池袋駅の近くまで来たところで彼が急に声をあげ、私はびっくりして顔をあげる。

「ん? ……おまえら」

図書室で何度か話をしたことのある知り合いが、驚いた顔で私たちを見る。
思わず折原くんの手を振りほどこうとしてしまったけれど、まるでそれを読んでいたかのように彼は私の手をぎゅっと握って離さなかった。

「……付き合ってんのか?」
「残念だけど、俺の絶賛片想い中」

知り合いに会うと思っていなかった私は気が動転して何も答えられなかったけれど、手を繋いだまま折原くんがため息をこぼすように答える。

「そうか。お前も大変だな、。頑張れよ」

門田くんがやけに真剣な顔で激励してくるので、私は勢いにのまれて頷くしかなかった。


さん、今日は楽しんでもらえた?」

池袋の駅前で、私たちはもう手を離して向き合っている。
けれど手のひらにはまだ触れ合っていた熱が残っているようだった。

「うん。楽しかったよ。
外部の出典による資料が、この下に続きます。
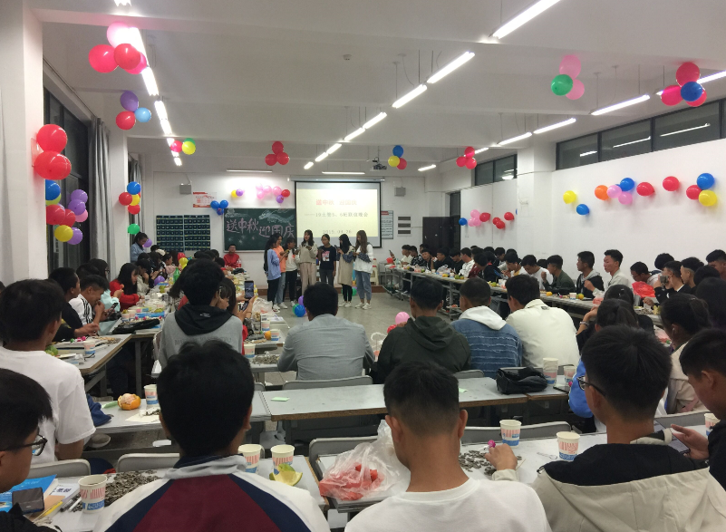 十一假期来临之前,国土管理学院2017-2019级各班在勘物楼教室举办“庆中秋迎国庆”或“送中秋迎国庆”晚会。晚会以学生班级自行组织为主。同学们精心布置的教室,桌子上摆放多种瓜果零食。晚会开始后,同学们个人或集体的形式登台的表演各式各样的节目。

ありがとう」

それは素直な感想だった。
映画も楽しかったし、話をするのも楽しかった。
……ただ、どきどきしてしまったのは想定外だったし、彼には知られたくなかった。

「それなら良かったよ。俺ばかり楽しかったらどうしようかと思った」

笑いながら安堵する彼を見て思う。
今日の彼の行動はとても理想の恋人らしいものだった。
ただそれだけに、どこまでが本当の彼かわからない。
こうやって私に接しながらも、やっぱり学校での彼と平和島くんとの争いなどは絶えなかったりするのだ。
それでも少なくとも、あの手の熱だけは偽物だとは思えなかった。

「ねえ、また誘ってもいいかな?」

一回だけのつもりだった。
そうすれば彼も満足するのかもしれない、そう考えていたところもあった。
でも彼は、私への片想いを続けるつもりらしい。

「……うん」

目を細めるように微笑む彼に、私は逆らいようもなく頷いていた。